About the Lorentz transformation in Spacetime and Geometry

Question

In Spacetime and Geometry by Sean Carroll, page 18, he said

"We will therefore introduce a somewhat subtle notation, by using the same symbol for both matrices, just with primed and unprimed indices switched. That is, the Lorentz transformation specified by ${\Lambda^{\mu '}}_{\nu}$ has an inverse transformation written as ${\Lambda^{\rho }}_{\sigma'}$. Operationally this implies ${\Lambda^{\mu }}_{\nu'}{\Lambda^{\nu '}}_{\rho}=\delta^{\mu}_{\rho}.$"

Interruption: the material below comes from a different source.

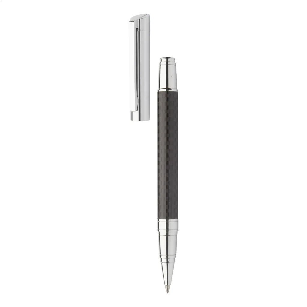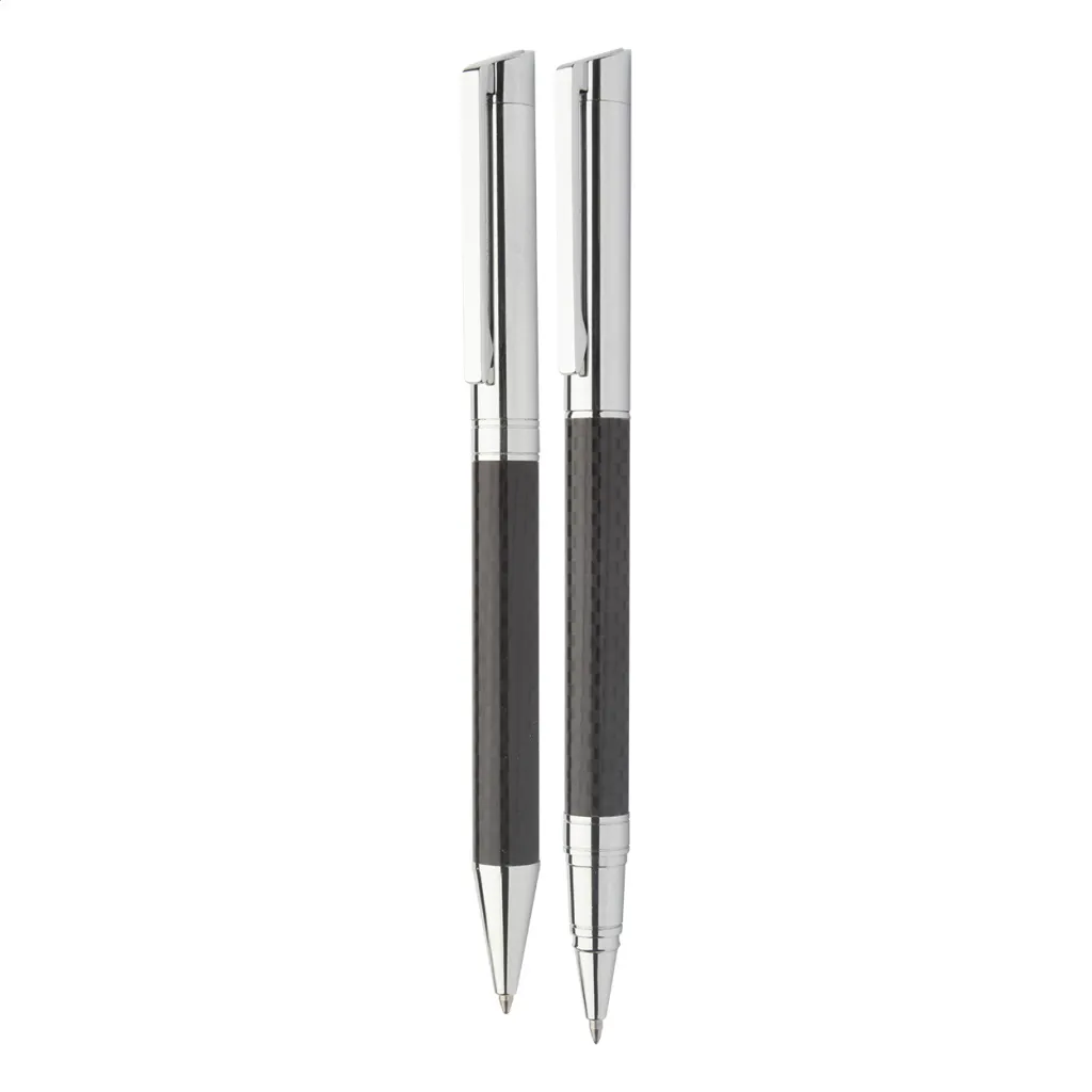Elegant, metal ballpoint pen and roller pen set, with carbon pattern barrel and shiny chrome parts. In black gift box, with blue refill. André Philippe brand product.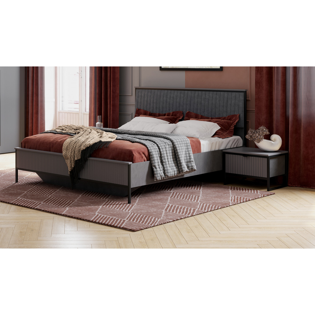 Коллекцию модульной спальни "Нора" отличает современный оригинальный стиль. Декоративная продольная фрезеровка на МДФ фасадах цвета "Графит" и опоры на металлокаркасе цвета "Черная эмаль" соответствуют модным тенденциям этого года в ведущих зарубежных коллекциях.

I have systematically learned about special relativity before and this really confuses me. Shouldn't the inverse of Lorentz transformation be like $\Lambda^{-1}=\eta\Lambda^{T}\eta$ ? Is me misunderstanding things or this book defines the inverse transformation in a weird way?

Answer 1

The effect of general coordinate transformation (passive point of view), or diffeomorphism (active point of view) can be written as $$ g^{\mu' \nu'} = \Lambda^{\mu'}_{\;\alpha}\Lambda^{\nu'}_{\;\beta} g^{\alpha\beta} $$ Multiplying left and right hand by $g_{\lambda'\mu'}$ $$ \delta_{\lambda'}^{\;\nu'} = \Lambda_{\lambda'}^{\;\beta} \Lambda^{\nu'}_{\;\beta} $$ So, $$ \Lambda_{\lambda'}^{\;\beta} = \left(\Lambda^{-1}\right)^{\beta}_{\;\lambda'} $$

For the specific case that $\Lambda$ is a Lorentz transformation (which actis on flat spacetime) then $$ g^{\mu' \nu'} = g^{\mu \nu} $$ and we can discard the primes altogether.